Умирающую звали Алтын. В переводе с казахского это имя означает золото. Пятьдесят восемь лет назад дедушка Баймухамбет предрек своей внучке благородный, как этот металл, характер. О другой ценности золота он тогда и не помышлял. Прошли времена, когда их очень богатый род Шукеновых владел необозримыми пастбищами по правую и левую сторону протекающей здесь реки, в те далекие времена еще называвшейся по-казахски – Елеком. Территория Аккемера в ту пору тоже еще принадлежал им. Столыпинские реформы царской России и советская коллективизация полностью лишили Шукеновых всех этих земель. Старика Баймухамбета отныне заботило более важное.

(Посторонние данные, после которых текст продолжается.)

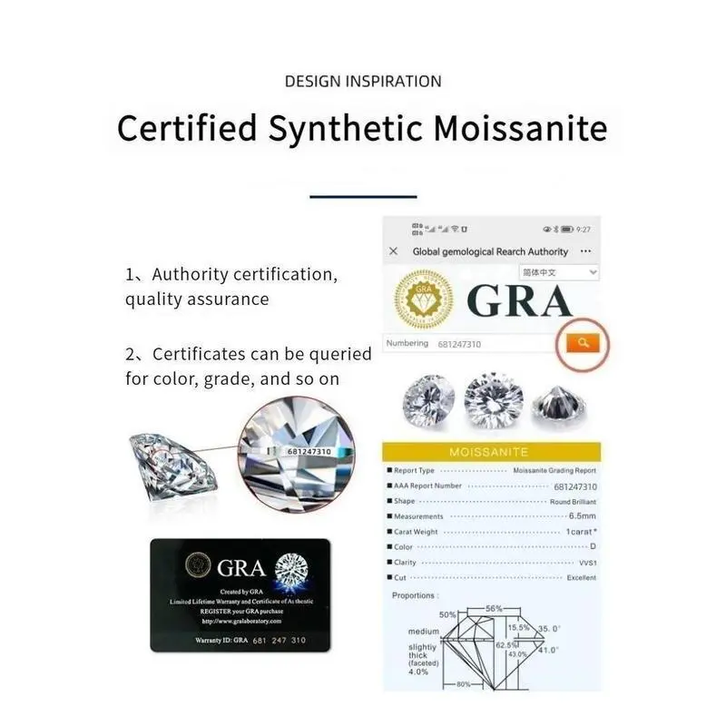 Material: S925 Sterling Silver Type: Certified high grade synthetic moissanite. It's color grade is D, clarity grade is VVS1, cut grade is E, Superflash synthetic moissanite. Special note: The specification of 0.5 carat and above is equipped with certificate, the specification of below 0.5 carat is not equipped with certificate

– Будь доброй сердцем и щедрой душой! – напутствовал Баймухамбет новорожденную внучку с золотым именем.
За последнее полстолетие род Шукеновых обеднел и в плане потомков. У трех сыновей бая родились всего два ребенка. У старшего Мурата – сын Саркен, а у среднего Кадырбека – дочь Алтын. Младший Данда вообще остался бездетным.
Алтын вышла замуж за военнопленного обер-фельдфебеля Якова Шмидта, который после войны добровольно отказался возвращаться по репатриации назад в Германию. У них родился лишь один сын Виктор.